Yes, you lose pixel-level regression detection, and you lose the ability to test things that have no semantic identity (an animated background, a chart's exact bar heights, a print stylesheet). The honest framing is not "tree replaces screenshot" but "tree is the default substrate for behavioral tests, screenshots are the right tool for the things that are actually visual." Assrt is built around that split: the agent reasons over the tree; visual regression has its own runner and its own diff.

How does this compare to vision-first AI test tools?

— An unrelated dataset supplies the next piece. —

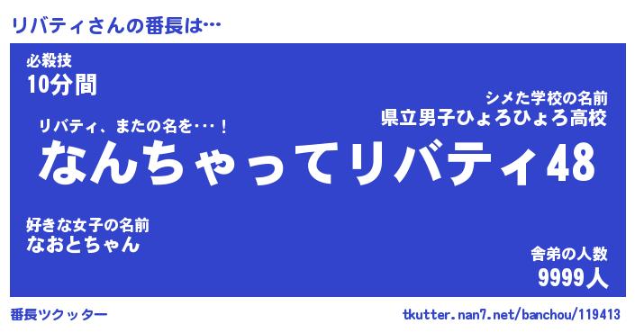 | 意味不明あだ名 | 『ペロリンリバティ』『永久保存リバティ』 |

Vision-first tools (think computer-vision agents that decide what to click from raw pixels) have two failure modes. They misread lookalike elements, and they leave a debug trail of (x, y) coordinates that nobody can interpret six months later. Driving Playwright through accessibility refs gives you LLM flexibility on top of a deterministic substrate. When a click fails the failure log shows "clicked [ref=e14] labeled Submit, got no navigation," which a human Playwright author can read.

Does Playwright itself recommend tree over screenshots?

The Playwright docs at playwright.dev/docs/aria-snapshots describe aria snapshots as a YAML representation of the accessibility tree, intended for structural and accessibility regression. Microsoft's Playwright MCP server documentation states the design choice plainly: it operates on the accessibility tree, not screenshots, because AI models do not need vision capabilities to interact with pages and the resulting automation is deterministic and fast. Vision is available as an opt-in for the cases above, not the default.

Where does Assrt fit in the open-source picture?

Assrt is MIT licensed (npm: @m13v/assrt). It runs as a Node CLI (npx @m13v/assrt discover https://your-app.com) plus a local MCP server. Under the hood it spawns @playwright/mcp as a child process, so every click, type, and snapshot is a real Playwright primitive. Tests are emitted as standard Playwright spec files you commit to git. There is no rented YAML, no proprietary cloud editor, no per-seat fee.